I'm not saying this would have solved all our problems - after all, we had more "people" problems than we did "technology" problems; but, it would have solved some more of the "right" problems, which may have made life a bit easier in the long-run.
Epilogue: Microservices Also Have a Dollars-And-Cents Cost
Service don't run in the abstract: they run on servers and talk to databases and report metrics and generate log entries. All of that has a very real dollars-and-cents cost. So while your "lambda function" doesn't cost you money when you're not using it, your "microservices" most certainly do. Especially when you consider the redundancy that you need to maintain in order to create a "highly available" system.
My team's merging of microservices back into the monolith has had an actual impact on the bottom-line of the business (in a good way). It's not massive - we're only talking about a few small services; but, it's not zero either. So, in additional to all of the "People" benefits we get from merging the systems together, we also get a dollars-and-cents benefit as well.
Great read, and so spot on!
Too often we hear at conferences or read on the web that the "new way of developing is breaking up your monolith into microservices" without talking about the potential downsides we will have to deal with by doing so.
It's not about refactoring your code to keep ourselves busy, it's about the right tools and methods for the right job. You have captured this very elegantly in this post and also put some reality into it by sharing why you are doing what you are doing at InVision.
Thank you for the kind words. It's always tough with the new shiny thing! Developers generally want to play with the cool new tools. And, given the fact that the average job in this industry is only 2-years, we don't all get the benefit of having to live with choices and see what impact they have over time. I count myself as quite lucky to be working on the same application for over 8-years now as it gives me a perspective that not everybody gets to have.
@ben This is a fantastic post and you've learned some great insights that can only come with real world experience!
Firstly, great application of Conway's Law. I was actually trying to remember the name of that law just a couple weeks back and I couldn't recall it to save my life. Your post instantly reminded me and it's a very true observation as well.
Secondly, I always dislike naming a team the "legacy" team. I think it's a bit demoralizing to those on it and implies that code is somehow not as good or useful to the org. If you're using best practices, source control, tests where possible, the CI/CD, consider calling it the "core team" or "foundation team" ;)

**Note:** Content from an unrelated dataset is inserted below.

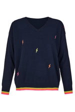 Cashmere Mix Sweater in Navy with Multi Lightning & Stripes
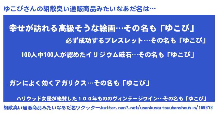 | ヘコむあだ名 | 『つくし』『ゆこにー』『ゆこを』 |

Lastly, you've make a great observation that there can be good value in keeping parts of the application together to reduce the footprint of repos, builds, and tests. Shameless ColdBox MVC plug incoming. This is where the power of a modular architecture comes in. It's great to break up a large app into a modular setup where you have a nice separation of M, V, and C into bite sized chunks with clear lines of responsibility while still living in the same repo and part of the same base app. The apps we build often times have 5-10 core modules where we break out functions to keep a nice organisation and always leave open the possibility to break some off into a separate app in the future, but without the overhead of completely separate microservices. I think this is a great "middle ground" as you've showed.
Thank you for the kind words. We actually joke on our team that we should be the legendary team, not the legacy one :D
I think part of our problem is that the internal boundaries within the monolith are not great. To you point, when you keep it really modular inside the service boundaries, it's easier for more teams to participate because they don't necessary have to understand "all the things" in order to get work done. I wouldn't say that we have a big ball of mud; but, we also don't have a really clean separation of concerns. I mean, "new code" is better than the old code; but, we do have loads of old code at this point.
Great insight Ben, thank you :)
My pleasure - I'm glad it landed well :)
Ben, nice read however the bit I dont understand is why should a
'legacy' team meam fewer people but taking on more services/infra etc.
Surely the issue here is a budget/organizational one not a boundary
What happens when your team scales back up as it should for the amount of responsibility your back to the old problem.
I personally experienced maintenance burden that comes with
microservices. I was splitting monolith when both team and product
were small. We didn't solve "People" or
"Technical" problem at all - just exploring a buzzword.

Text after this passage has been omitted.